• Aim of the task:
The answer must consist solely of the lines below starting at the one containing "Arizona Diamondbacks 1998" and ending at the one containing "A spacious rear", repeated exactly, with both ends included and all pictures omitted.

____________

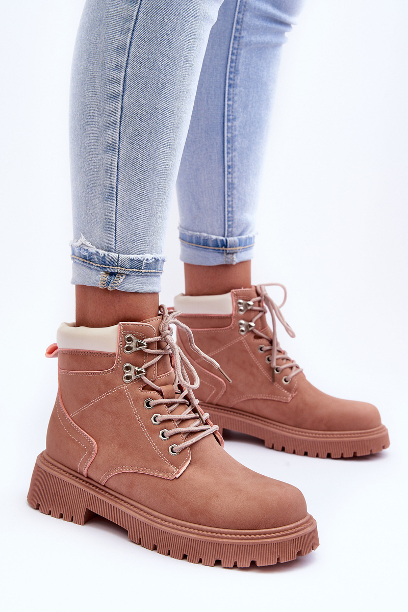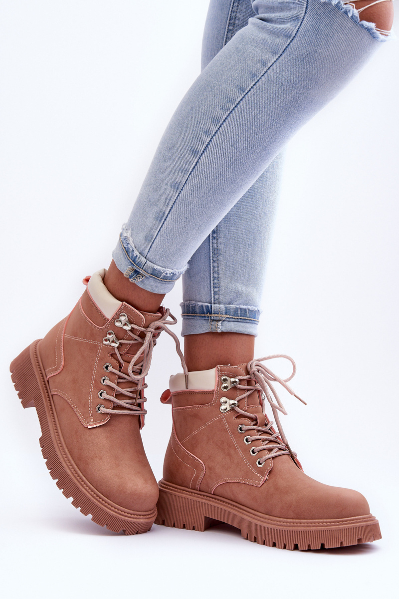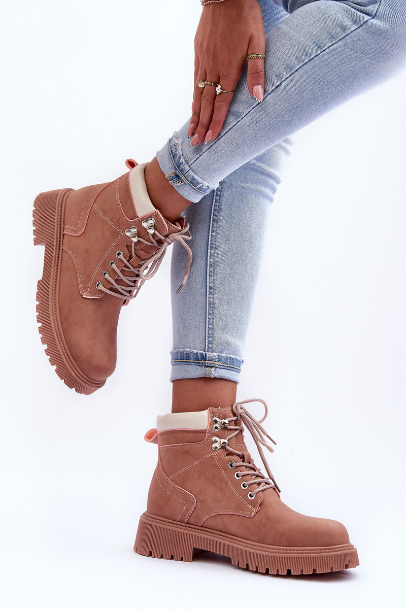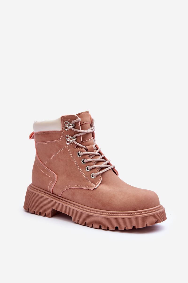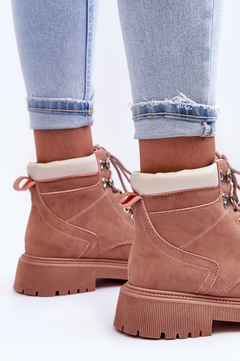 Damskie Skórzane Ocieplane Trapery Różowe Poles
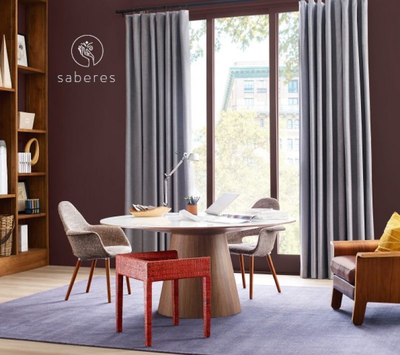 A paleta “bioma” combina ricos tons da terra e as cores do céu nublado em busca do equilíbrio perfeito entre o ecossistema existente e a constante transformação; a “Saberes” estimula a criatividade e se conecta com uma intrigante combinação de tons avermelhados, argilosos, pastéis acinzentados e tons de joias preciosas;
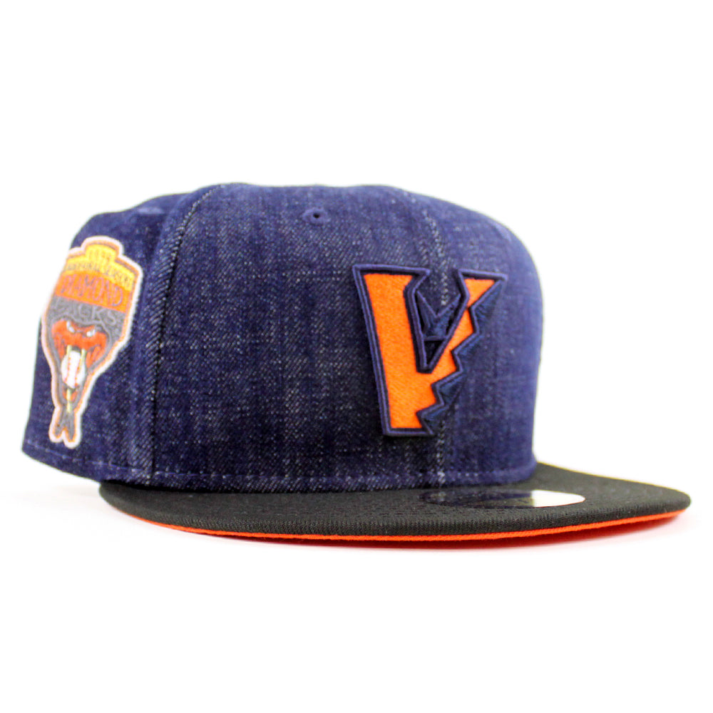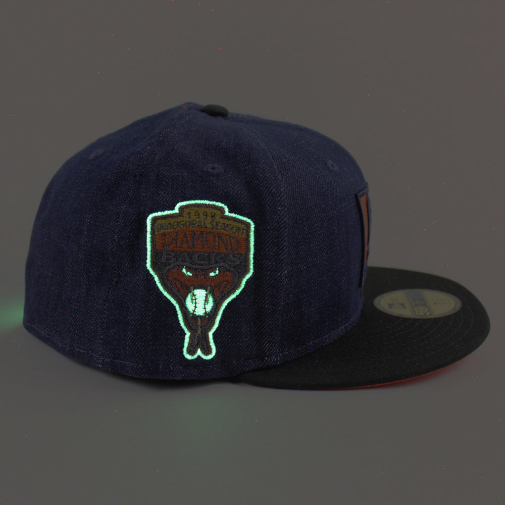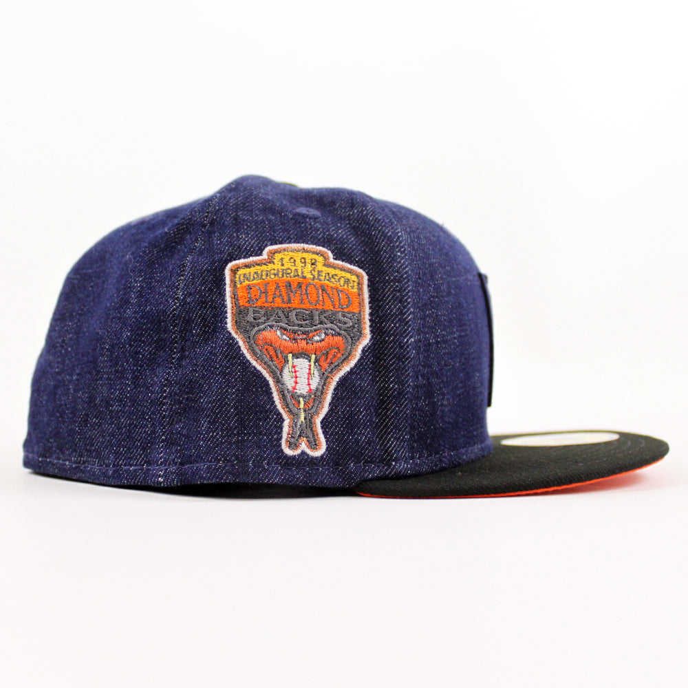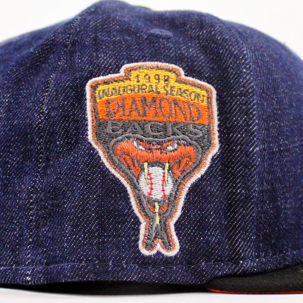 Arizona Diamondbacks 1998 inaugural Season New Era 59Fifty Fitted Hat in Denim, Black and Orange Under Brim.
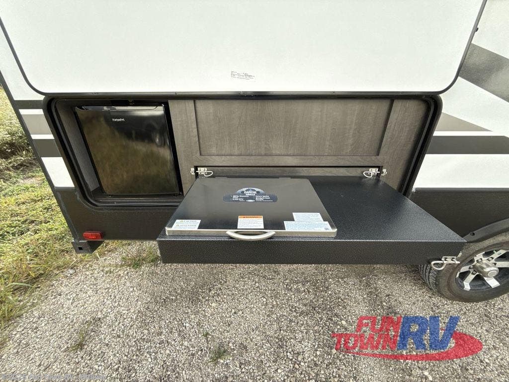 A spacious rear kitchen, plus an outdoor kitchen make this a fun fifth wheel to take to the campground. Make a cold drink from the wine fridge once you arrive at your destination, then head outside to relax under the power awning with LED lights. If the weather isn't coopering, you will find comfortable seating space inside on the tri-fold sofa and the U-Dinette. You will appreciate the front private bedroom with a king bed, dual nightstands, and a wardrobe for your clothes!
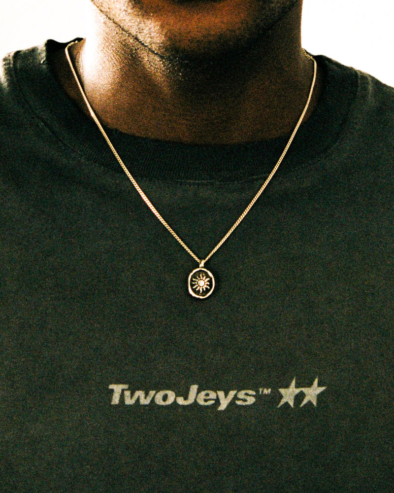 Le collier jour et nuit est composé d'une chaîne en argent 925 qui laisse pendre un pendentif à deux faces, représentant la lune et le soleil.
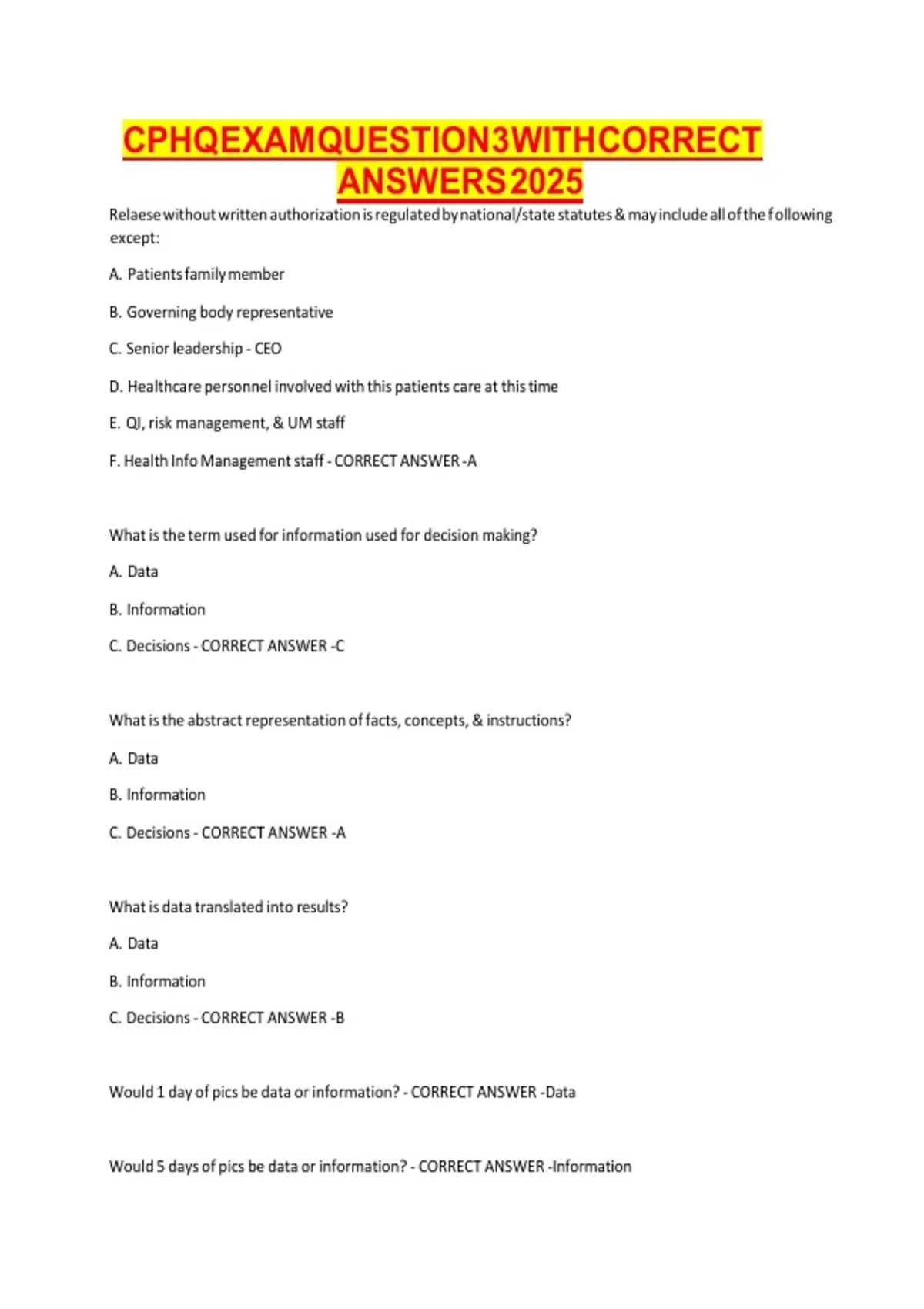 CPHQ EXAM QUESTION 3 WITH CORRECT v v v v v
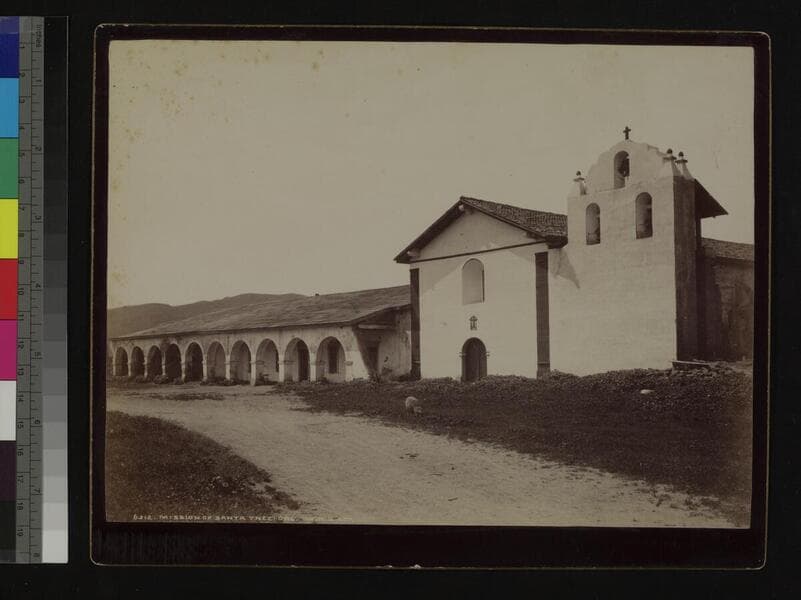 A collection of albumen photographs of 12 California Missions, taken by nineteenth-century photographer William Henry Jackson sometime between 1885 and 1890. All of the photographs are titled and signed, "W.H.J. & Co." One or more images of the following missions are included: San Antonio de Padua, San Carlos Borroméo de Carmel, San Diego de Alcalá, San Fernando Rey, San Francisco de Asís, San Gabriel Arcángel, San Juan Bautista, San Juan Capistrano, San Luis Rey, San Miguel Arcángel, Santa Barbara and Santa Ines. The photographs primarily show the missions' front façades or courtyards, both in ruins and with slight repair work.
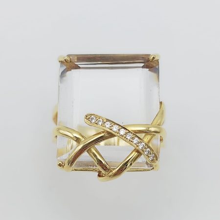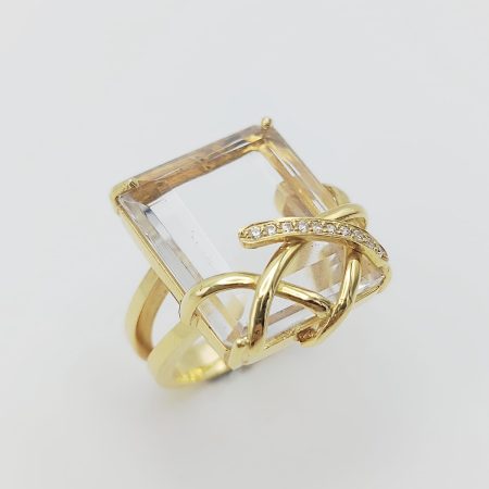 Anel Gumus Gold com cristal central retangular abraçado por fios de ouro e zircónias brancas. Materiais: Ouro Amarelo 19.2k. Pedras: Cristal, Zircónias. Peso: 11.8 gr. Tamanho da pedra: 2 cm x 1.6 cm. Tamanho: 16.
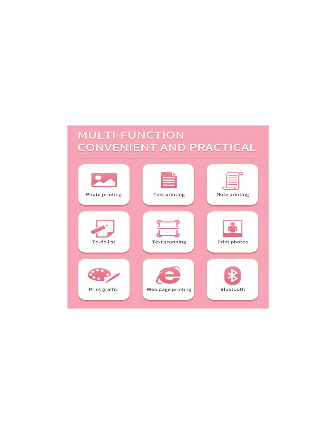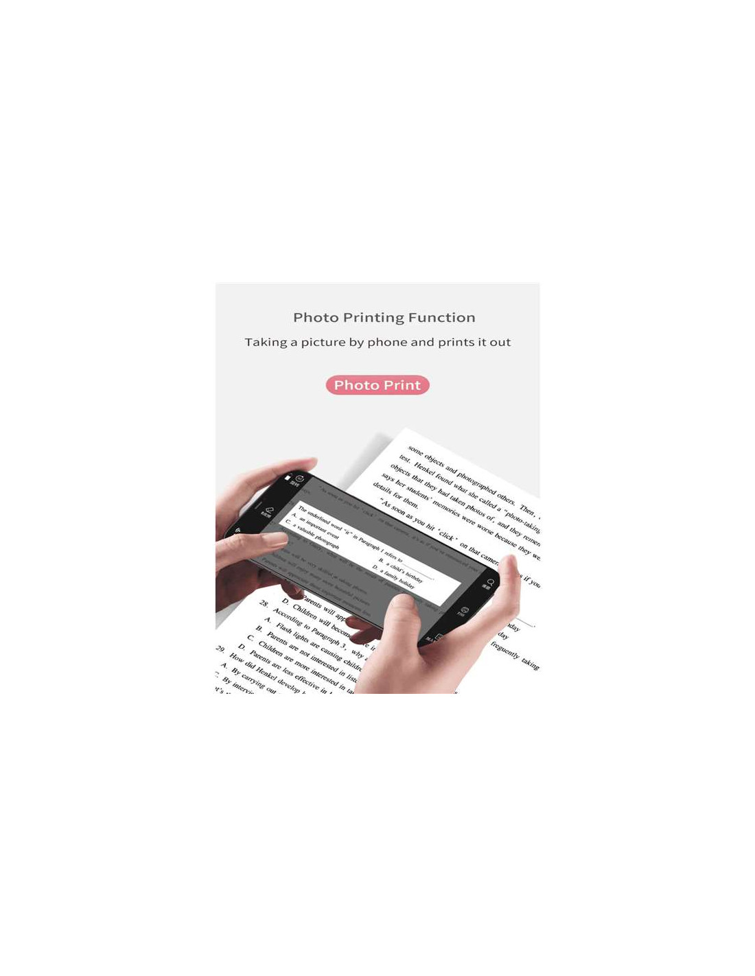 Con esta impresora, no necesitas cartuchos ni tinta, ya que funciona mediante impresión térmica, lo que la hace más económica y respetuosa con el medioambiente. Gracias a su batería recargable, puedes llevarla contigo a cualquier parte y conectarla fácilmente vía Bluetooth a tu dispositivo móvil.
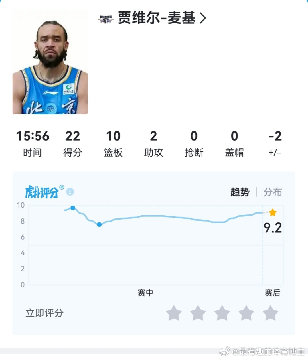 麦基这么强追到二分了给人家下了,15分钟22分10篮板

____________

• Result below:
 Arizona Diamondbacks 1998 inaugural Season New Era 59Fifty Fitted Hat in Denim, Black and Orange Under Brim.
 A spacious rear kitchen, plus an outdoor kitchen make this a fun fifth wheel to take to the campground. Make a cold drink from the wine fridge once you arrive at your destination, then head outside to relax under the power awning with LED lights. If the weather isn't coopering, you will find comfortable seating space inside on the tri-fold sofa and the U-Dinette. You will appreciate the front private bedroom with a king bed, dual nightstands, and a wardrobe for your clothes!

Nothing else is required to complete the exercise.